– Нет нужды идти через коллектор. Вольноходцы выпустят тебя через ворота. Ты их только попроси разрезать…кхм… Прости, у меня дела наверху, – и он поспешил к лестнице на крышу.
– Рамон! – окликнула она его.
– Всё, Элинор, всё. Собирай вещи и исчезни, прошу тебя. Счастливой новой жизни в комфорте!
Мужчина вновь услышал свое имя, будучи почти у люка, но не обернулся, не отозвался. Необходимо было как можно скорее с этим покончить. Там, наверху, на секунду или две им овладел яростный порыв: разбежаться, перелететь через невысокое ограждение и камнем ухнуть вниз, прямо на бетонный двор. А потом Рамон вспомнил, где находился, пробежал взглядом по пейзажу, который, он был уверен, никогда ему не надоест. Элинор… Что теперь с нее взять. Она не поняла это место, не смогла полюбить его, а значит, была его недостойна. Выходит, и самого Рамона она тоже недостойна?
Ушла. Зато теперь ему никого не придется убеждать, никому не надо угождать, кроме себя. И он может сосредоточиться на любви к каждому окну, каждой колонне, каждому кирпичу, исследовать все, создать себе новое жилище.
Вольноходцы тоже когда-нибудь уйдут вслед за предавшей его женщиной, как ушли охранники. А значит, рано или поздно, он станет единственным хозяином сектора. Он наведет порядок собственноручно, чтобы наслаждаться им день за днем, год за годом.
– Оазис, – крикнул Рамон и почувствовал, как притупляется боль, а взамен по коже начинают разбегаться приятные мурашки.
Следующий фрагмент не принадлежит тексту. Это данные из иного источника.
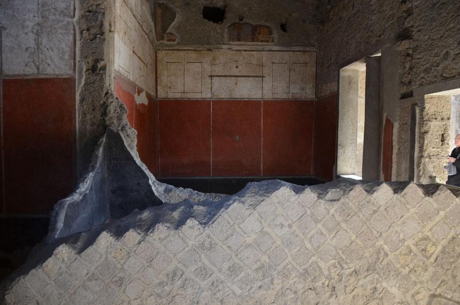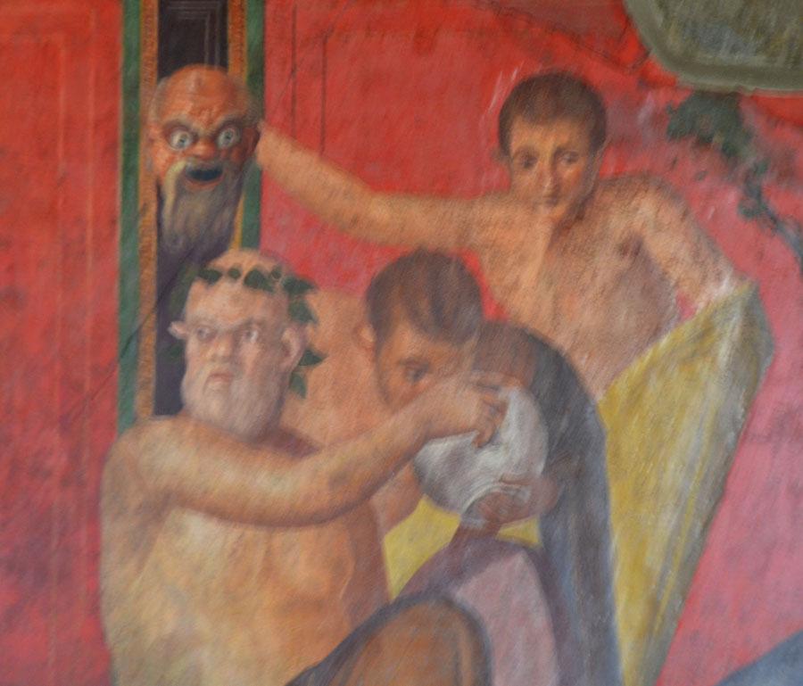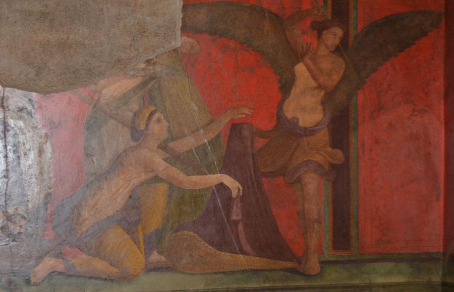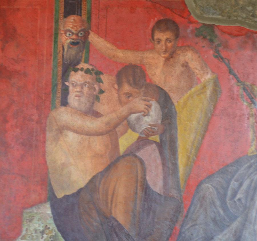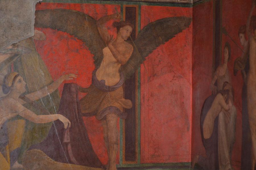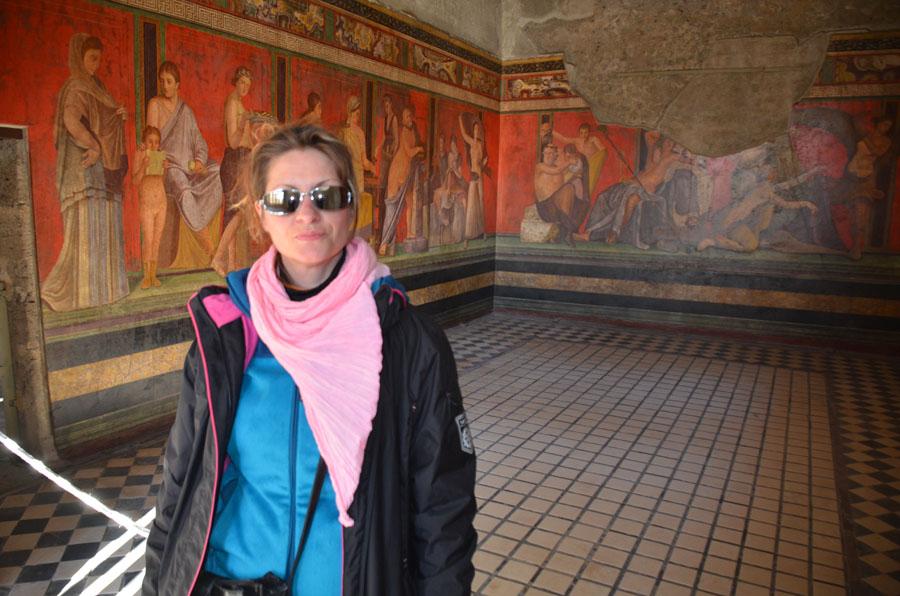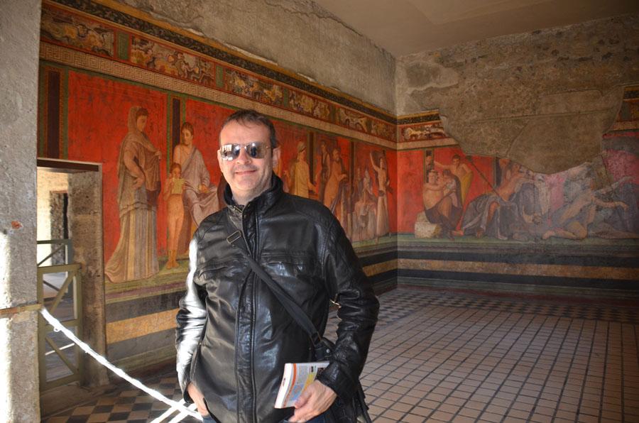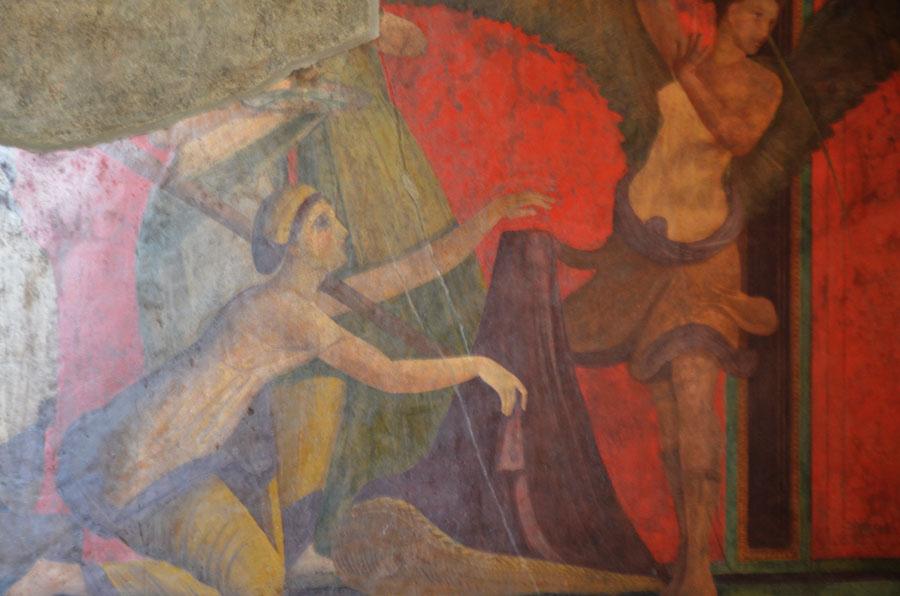 Au bout de la voie romaine enfin surgit la Villa dei Misteri***, vaste maison patricienne autrefois bâtie au bord de la mer. Dans un excellent état de conservation, la villa des Mystères semble avoir traversé le temps sans aucun dommage… Si l’éruption du Vésuve fut une des plus grandes catastrophes de l’Antiquité, on comprend aussi pourquoi elle fut aussi une chance archéologique aux yeux des savants. Ce linceul de cendres permit de conserver intact une grande partie de la cité romaine pendant 17 siècles ! Dont cette fameuse Villa dei Misteri.

Слово обладало целительной силой, как и виды перед ним. – Оазис!
Проблески
Шипение открывающейся бутылки пива – самый приятный звук за день. Холодное, бодрящее… Оно всегда успокаивало, если потреблялось в небольших количествах. Однако за последние пару часов это была уже третья бутылка в четыреста миллилитров. Рекорд, пожалуй. Диаманд залпом выпил сразу треть, а то и больше, чему виной – вымотавшая его жара. Только к текущему моменту солнце спряталось за окружавшими небольшой беговой стадион высотками. И возник легкий ветерок. А от вод канала прохлады не было, хоть убей.
Диаманд еще одним глотком прикончил бутылку, поставил на бетонный пол и откинулся на спинку сиденья. Отсюда, с верхнего ряда трибуны, вид был неплохой. Стадион стоял посреди искусственного острова в самом широком месте канала, а на противоположном берегу раскинулась набережная с аттракционами, палатками мороженщиков и всяческих торговцев. Через дорогу – среди множества дорогих резиденций и магазинов – высилось здание отеля. Он-то и был интересен. Сумерки приближались, и с их приходом отель превратился в объект развлечения.
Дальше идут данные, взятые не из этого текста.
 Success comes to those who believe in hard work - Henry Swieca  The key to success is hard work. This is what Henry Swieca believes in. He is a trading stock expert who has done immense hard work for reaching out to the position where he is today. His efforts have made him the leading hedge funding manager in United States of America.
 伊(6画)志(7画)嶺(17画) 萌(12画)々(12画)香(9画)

Томислав все рассказывал, шутил. Диаманд особо не слушал, но и не останавливал: болтовня трусоватого, но, в общем-то, неплохого паренька его в этот раз не раздражала. Он позволял ему таскаться за собой, проводить с собой время и называть просто Диам. Простой, понятный Томислав, чего не сказать о подавляющем большинстве… Что в регульере, что на улицах – везде его ровесники были одинаковыми: следовали моде, слушали дурацкую слащавую музыку, сбивались в стаи по интересам. Стоит кому-то одному выделиться из стаи – и все, затравят. Называют себя бунтарями и тут же создают шаблоны, высмеивают правила, но сами по ним живут. И при этом каждый из них считал и будет считать себя уникальным. Идиоты. Ни мозгов, ни характера, чтобы хоть попытаться жить иначе.
– Амди, а ты…, – Томислав, едва открыв рот, получил затрещину.
– Я тебя предупреждал. Никаких «Амди»!
– Да, извини. Хотя мог бы и помягче реагировать. Я-то тебе плохого не желаю никогда, и не издевки ради так…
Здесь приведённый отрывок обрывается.